Through several trials of tuning epsilon and min_samples, we found that DBSCAN was useful for detecting dense regions and outliers, but due to the evenly spread customer data, it resulted in many points being labeled as noise.


Agglomerative Clustering

We also explored Agglomerative Clustering, a hierarchical clustering technique that builds clusters in a bottom-up manner. Each point starts as its own cluster, and pairs of clusters are merged based on proximity, using linkage criteria such as ward linkage, average linkage, or complete linkage.

The strength of Agglomerative Clustering lies in the ability to visualize clustering results using dendrograms, which allowed us to observe how data points merged into clusters at different distances. Though it is more computationally expensive than K-Means, Agglomerative Clustering provided insight into the hierarchical structure of the data and relationships between the clusters, offering a unique perspective for segmentation.


Model Validation

The model was validated using the following techniques:

  • Silhouette Score: Provided an average score of 0.42, showing reasonable separation between clusters.
  • Cluster Visualization: We used 2D scatter plots and principal components to visualize the clusters and their separation.

Results and Interpretation

The K-Means clustering algorithm segmented customers into 7 clusters, each representing distinct spending behaviors.

1. Cluster 1: High Installment & Frequency Users

  • These customers prefer frequent installment payments and rarely make large one-time purchases.
  • Strategy: Offer personalized installment plans and loyalty programs to retain them.

2. Cluster 2: One-Time Payment Users

  • Customers who favor large one-time purchases and seldom use installment options.
  • Strategy: Incentivize upfront payments through limited-time offers and discounts.

3. Cluster 3: Moderate Installment Users

  • A balanced approach between one-time and installment payments.
  • Strategy: Educate customers on the benefits of installment options.

4. Cluster 4: Cash-Dependent Users

  • Customers who frequently withdraw cash advances and prefer installment payments.
  • Strategy: Introduce cash-back incentives for installment purchases to reduce cash dependency.

5. Cluster 5: Mixed Payment Users

  • A mixture of one-time and installment payments with moderate cash advances.
  • Strategy: Offer flexible payment plans and product bundles.

6. Cluster 6: High Cash-Advance Users

  • Heavy reliance on cash withdrawals with occasional installment purchases.
  • Strategy: Promote financial literacy and responsible spending habits.

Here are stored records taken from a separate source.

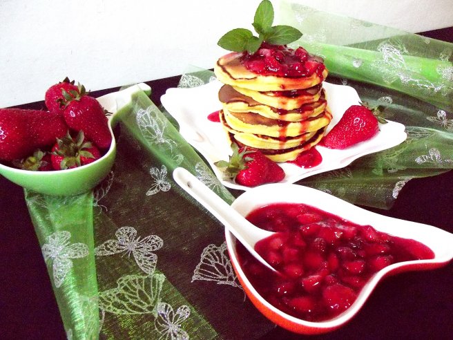 Pancakes cu jeleu de căpşuni şi coacăze roşii-1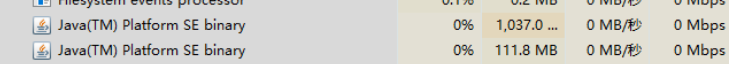 可以看出来相关的多出一个java的进程,并且内存占用1037M,所以也证实了我们的猜测和预想。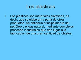 Este documento describe los diferentes tipos de plásticos, sus procesos de fabricación y tratamiento. Existen dos tipos principales de plásticos: termoplásticos, que pueden moldearse repetidamente al calentarlos, y termoestables, que solo pueden moldearse una vez. Los plásticos se pueden moldear por inyección, compresión, vacío, extrusión, soplado o calandrado. Existen diversas formas de unir piezas plásticas, como adhesivos, fusión o mecanización. Los residuos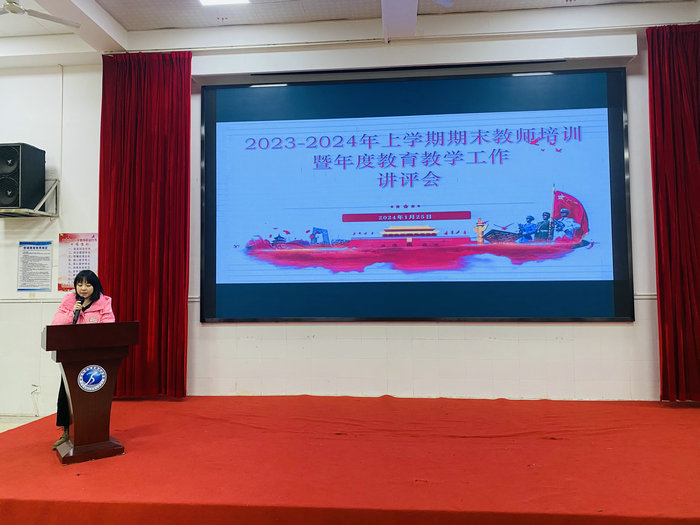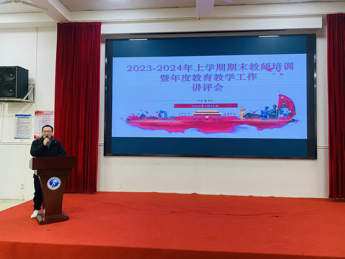 回望盘点再聚力,学习培训启新程。2024年1月25日,贺龙体校召开2023-2024上学期期末教师培训暨年度教育教学工作讲评会。本次会议由吴丽萍老师主持,全体教师参会,卢海泉副校长出席会议。

7. Cluster 7: High Frequency Cash-Advance Users

  • Frequent installment users with a moderate preference for cash withdrawals.
  • Strategy: Implement exclusive membership programs with targeted promotions.

Technical Skills

  • Python: For implementing the entire workflow, including data preprocessing and modeling.
  • Pandas & NumPy: For data manipulation, feature engineering, and numerical operations.
  • Scikit-Learn: For applying PCA, K-Means, and evaluation metrics like the silhouette score.
  • Matplotlib & Seaborn: For visualizing the scree plot, elbow plot, and cluster separations.
  • KNN Imputer: For imputing missing values in critical features.
  • StandardScaler: For feature standardization.
  • K-Means Clustering: For customer segmentation.
  • Principal Component Analysis (PCA): For dimensionality reduction.

Conclusion

This project successfully segmented credit card customers based on their spending patterns, providing actionable insights for targeted marketing. The combination of PCA and K-Means Clustering helped in identifying distinct customer behaviors, enabling personalized marketing strategies. This segmentation can help financial institutions better serve their customers by aligning their products with customer needs and preferences.